Sunday, May 29, 2016

Smashed Red Potatoes and Creamy Summer Slaw

Here are the recipes for the side dishes that we served with the braised short ribs last week.


First up is Smashed Red Potatoes -  Janis was here and did all of the work while I of course forgot to take pictures of her doing it! This was a nice different potato side dish that I will definitely be making often. Click here to see where I found this recipe.

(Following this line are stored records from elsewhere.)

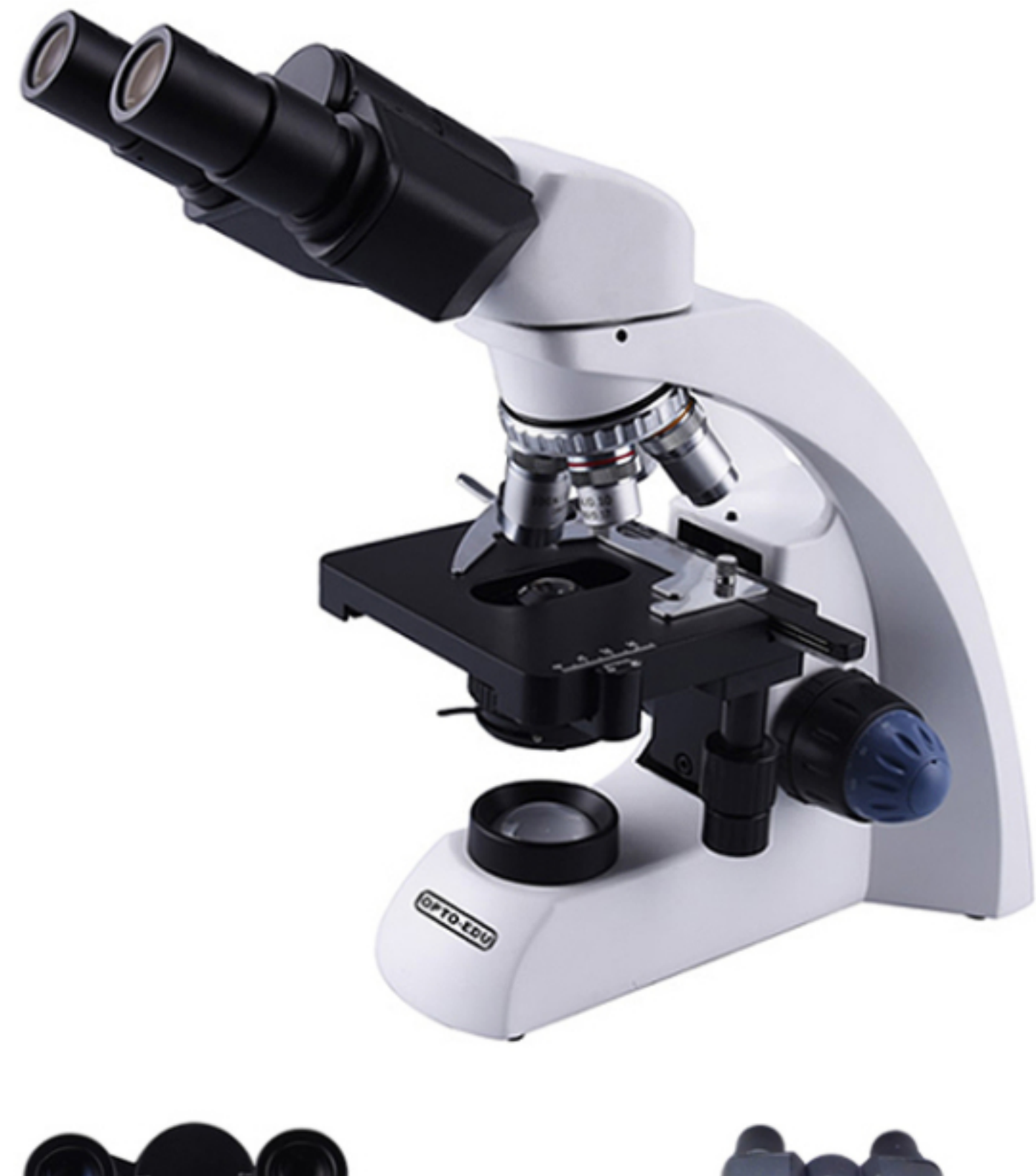
A11.1530-B Binocular Viewing Head Biological Microscope
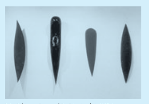
Peter Robinson, Tongue of the False Prophet , 1992, tar, wax, earth, pasta, glass, wool, fibreglass, polystyrene, 4 units: 1350 x 300 x 210mm; 1700 x 300 x 220mm; 1800 x 300 x 450mm, 1650 x 300 x 300mm. Collection Te Papa Tongarewa The Museum of New Zealand, Wellington.

strategy he actively resisted the meaning of his work being subsumed by the political agenda of others.
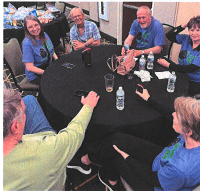
Pizza, games, and laughter after a long day at the Ark.
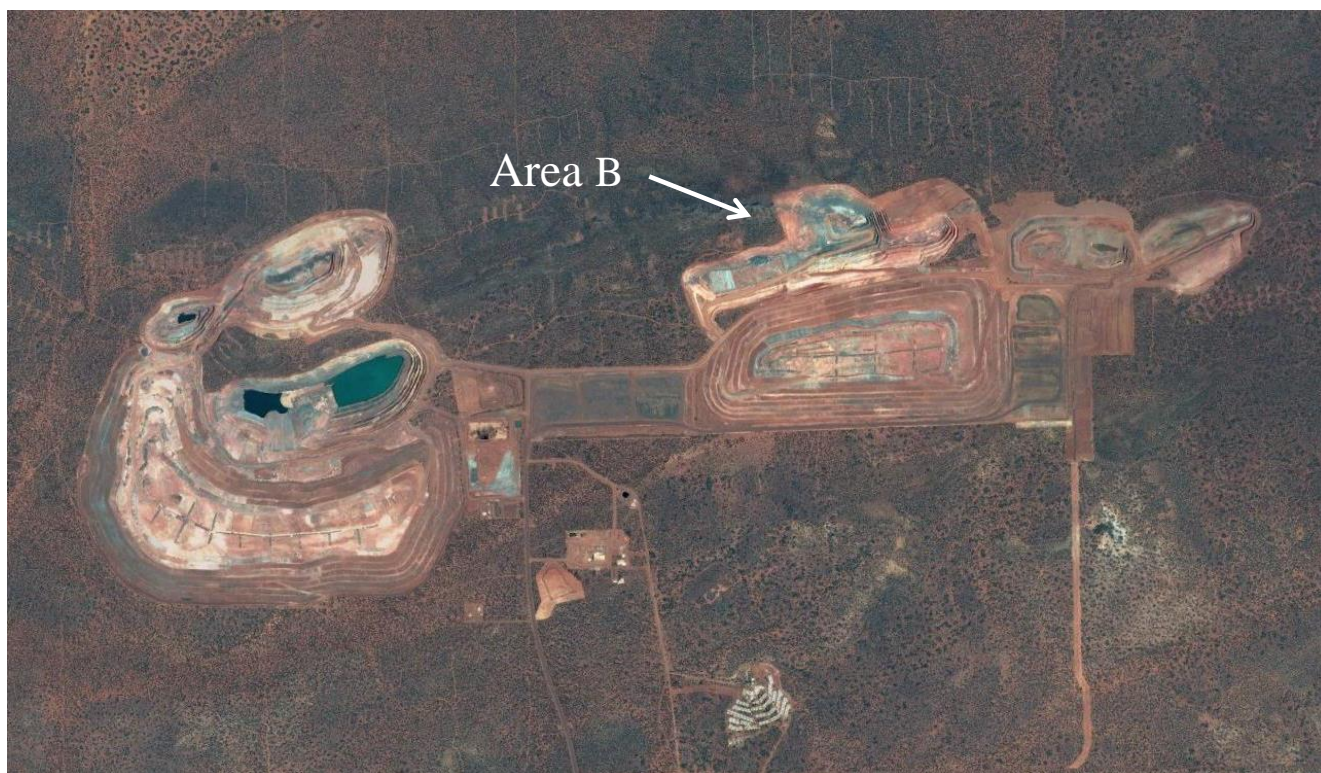
Figure 1: Aerial photo of Windarling Range and mine showing the location of Area B

Land Management Act 1984 . On this basis the EPA recommended that the direct requirement for the proponent to take action to reserve areas where the species occurs be removed and condition be reworded to include “measures to support the secure conservation tenure for the remaining population of T. paynterae subsp. paynterae ”, subject to seeking access to Area B. Seven Ministerial Statement approvals (627, 802, 843, 874, 900, 907 and 909) applying to the Yilgarn operations were issued between 2003 and 2012. These statements have been consolidated into a single Ministerial Statement (Statement #982) which was published on the 24 th September 2014. Under Statement #982, in relation to the T. paynterae subsp. paynterae , the proponent (Cliffs) are required to prepare and implement a Research and Management Plan and Recovery Plan if the proponent intended to apply for access to Area B for ground disturbing activity. The Research and Management Plan is to include monitoring of numbers of individuals, health, viability and reproductive success, ecological research and potential translocation, pollination vectors, management, and measures to support the secure conservation tenure.
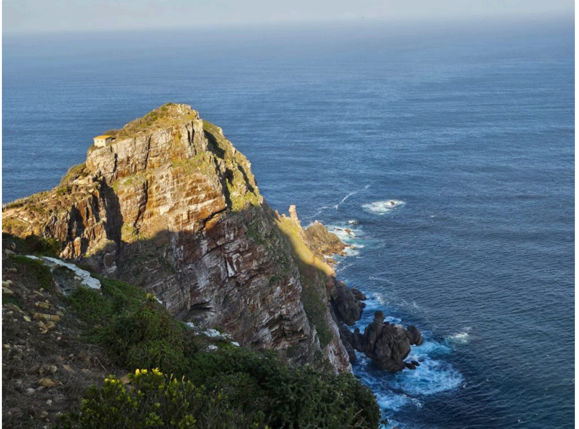
🖼 Cape Town
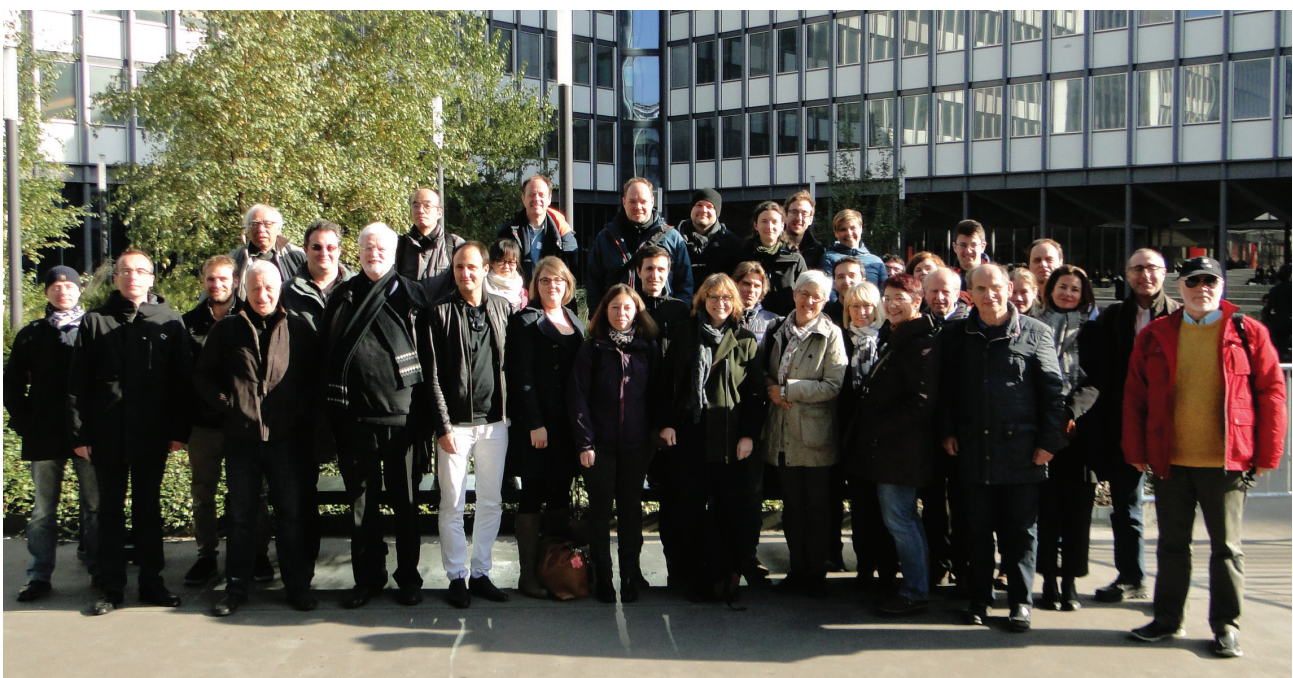
Figure 3: Participants of the SOLARIS-HEPPA Meeting in Paris, France.
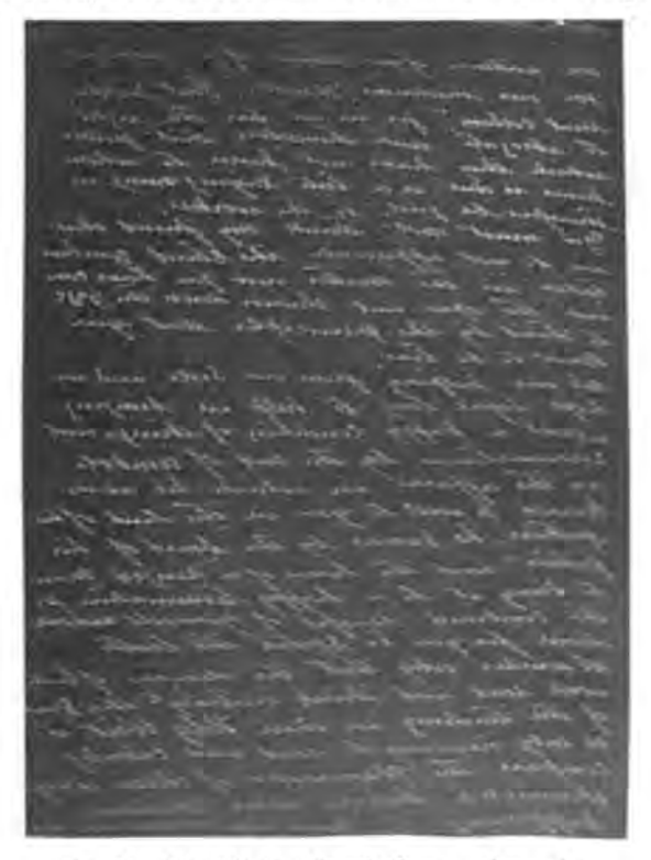
Fig. 84.—No. 2 Plate of Birmingham psychographs.

as old as the world. Sacred history teems with abundant evidence of the fact. The media were Prized by the Medes and Persians. The Delphic
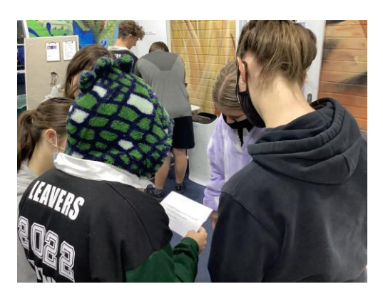
In-house treasure hunt

Please note that charges may apply to some activities. We do not seek to profit from these events and your child's participation in any activity requiring payment is at your discretion.
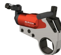
Handle kits for TWH27N, TWH54N, TWH120N & TWH210N
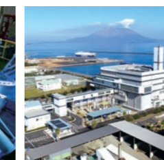
Municipal waste incineration/biogas facilities for Kagoshima City's Nanbu (south) waste processing plant
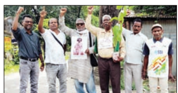
'हुल-गीरा' संताल आदिवासी समाज द्वारा किसी विशेष परिस्थिति में संकट के समय प्रेषित किया जाता है। साल वृक्ष की डाली को संदेशवाहक के रूप में उपयोग किया जाता है। उल्लेखनीय है कि महान संताल विद्रोह 1855 ई० में संताल समाज के नेता अंग्रेजी हुकूमत, महाजनी शोषण-अत्याचार के खिलाफ 'हुल' 30 जून को आहवाहन किया था और 1855 को भोगनाडीह में सभा कर विद्रोह का बिगुल फूँका गया था।
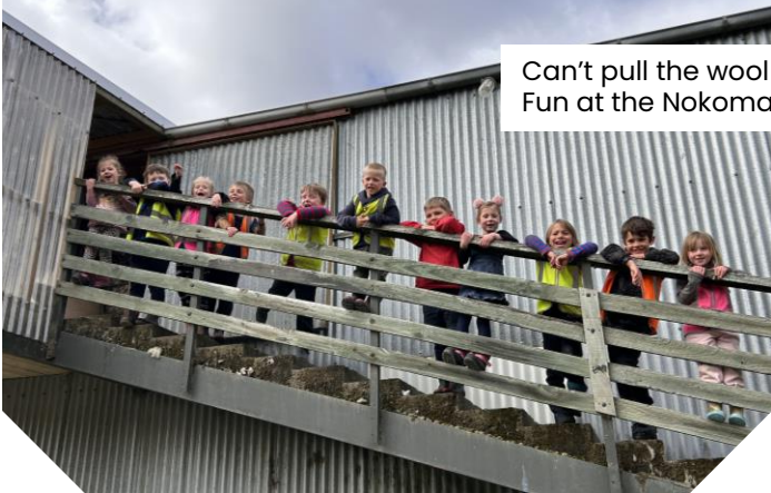
Can't pull the wool over these guys. Fun at the Nokomai wool shed
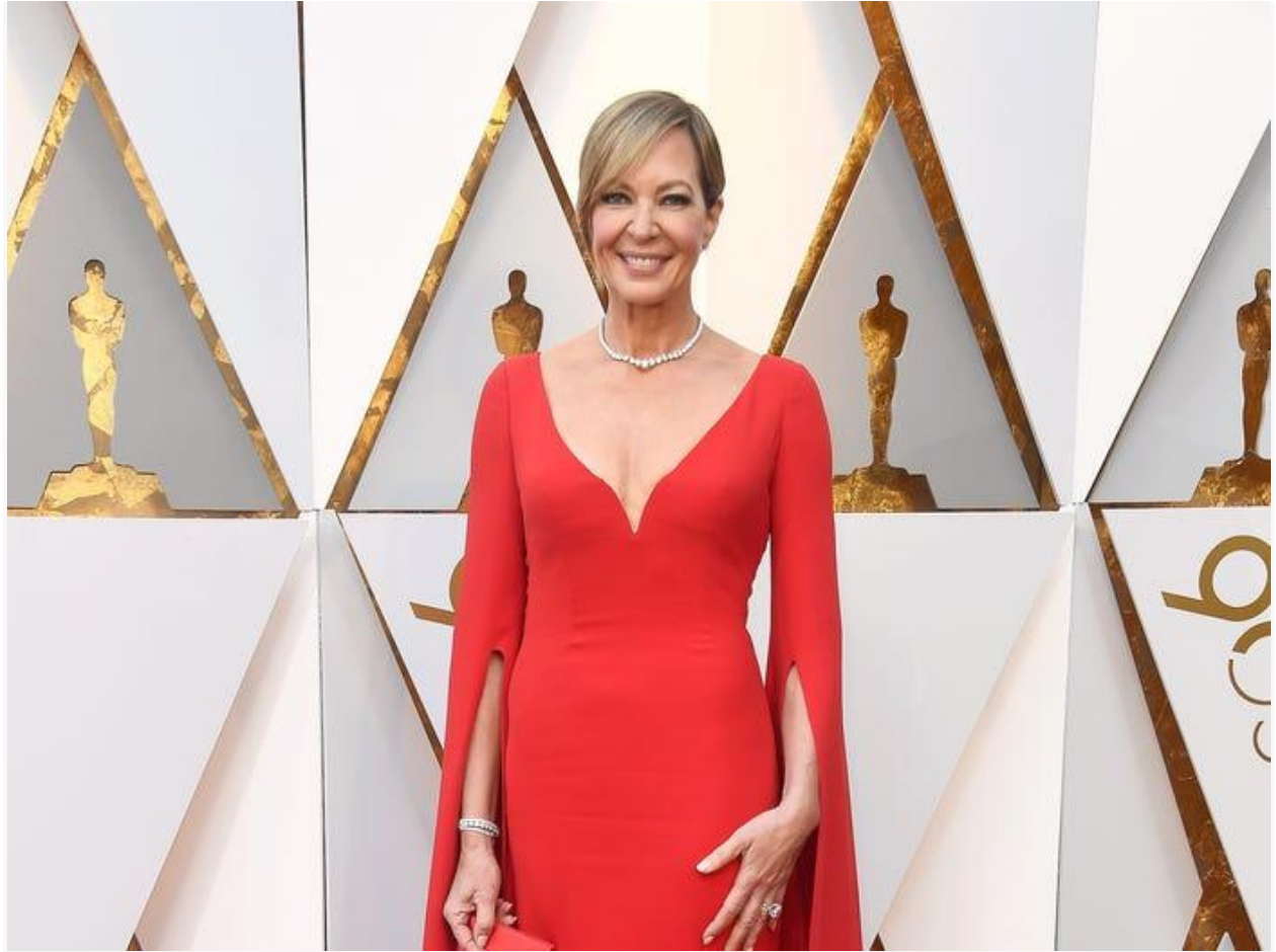
Allison Janney.

The Academy Award-winning actress and the Queen are related through Edward I, who was England's king between 1272 and 1307, according to the FindMyPast.com study.
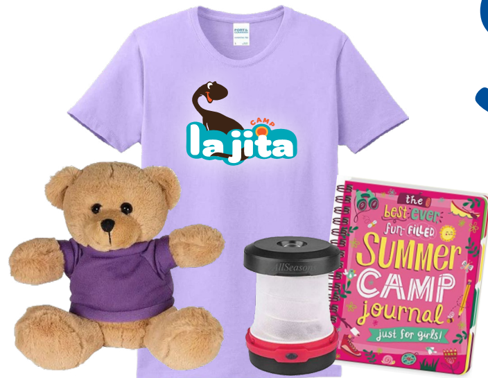
Images shown for illustration purposes only. Actual product may vary.
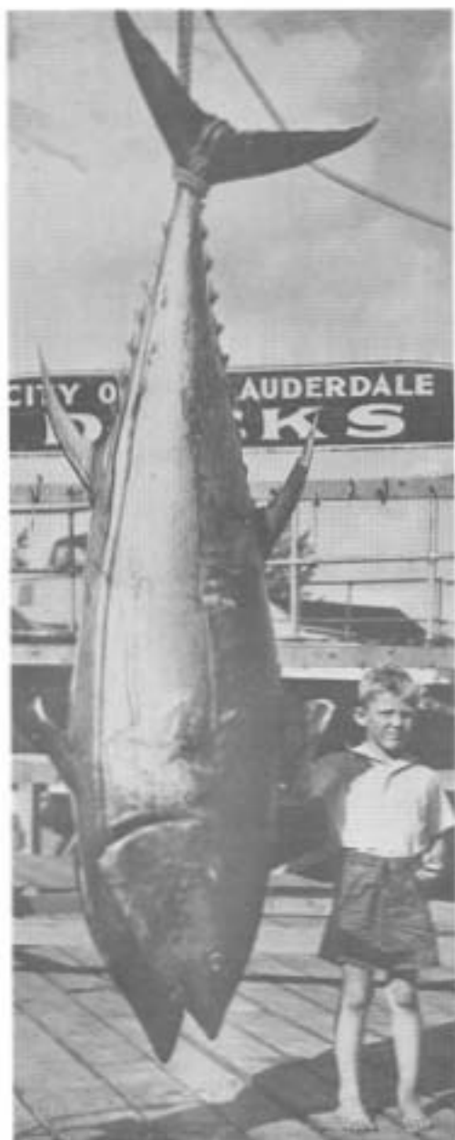
Large tuna and small fisherman at the municipal docks on New River, just northeast of the Andrews Avenue bridge, 1937.
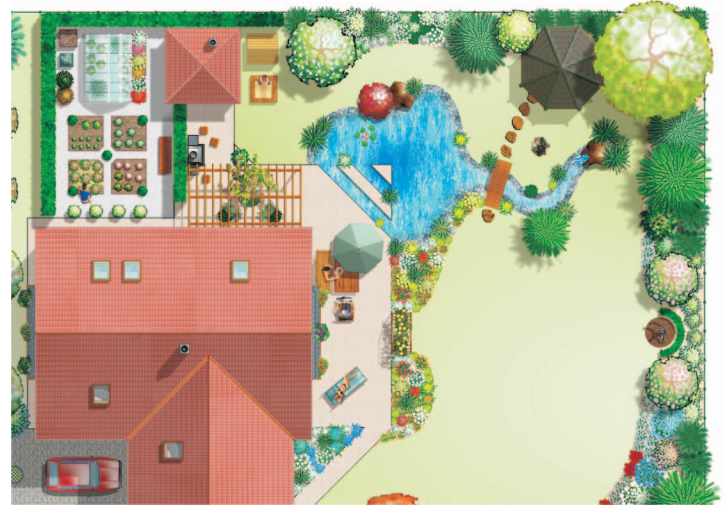
Fig. 1: Projection view of a garden design created in CorelDRAW

Another requirement was that his tool would need to let him easily create and manage a database of commonly used objects,
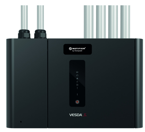
Intelligent VESDA-E VEP-A10-P-NTF

The Intelligent VESDA-E VEP Series is compatible with existing VESDA installations. The detector occupies the same mounting footprint, pipe, conduit and electrical connector positioning as VESDA VLP.

note: I bought a bag of red potatoes and of course there were different sizes in the bag; when I boiled them I didn't check to make sure they were all cooked enough, so a couple of the big ones were a little hard in the center which made smashing difficult. Next time I'll buy bulk potatoes and choose a uniform size!

  • ingredients:

  • 12 whole red potatoes
  • extra virgin olive oil
  • garlic powder to taste
  • kosher salt to taste
  • freshly ground black pepper to taste
  • optional: chopped chives or chopped bacon for garnish
  • other: table salt for boiling water

directions:

  1. Fill a large, heavy pot two-thirds full of water. Generously sprinkle table salt into water, and bring to a boil. Add potatoes and cook just until they are tender when pierced with a fork. Don't overcook them. Remove potatoes and drain.
  2. Preheat oven to 450, with rack on upper middle position.
  3. Cover a large baking pan with foil. Brush foil with plenty of olive oil (be generous, as this prevents sticking.)
  4. When potatoes have cooled enough to handle, gently press down each potato with a potato masher until they are about ½ inch thick. Lay smashed potatoes on prepared pan. Generously brush tops with olive oil, and don't be shy here!
  5. Sprinkle tops generously with kosher salt, pepper, garlic powder, and chives/bacon if you are using. Don't be afraid to use enough salt.
  6. Bake 20-25 minutes, or just until nicely browned and sizzling!
  7. Eat while they're hot.



I also made Creamy Summer Slaw, click here for the recipe from Bon Appetit. I've never made this before and was so pleased with how it turned out - it's a keeper for sure. It's raw broccoli, sugar snap peas, and napa cabbage in a buttermilk dressing, delicious and different - and another great thing is that you can make the salad 6 hours ahead of time, love being able to do the salad earlier in the day. I followed the recipe exactly other than I added some thin apple slices to it - I don't know why, it just sounded like it would be good in this slaw haha...and it was!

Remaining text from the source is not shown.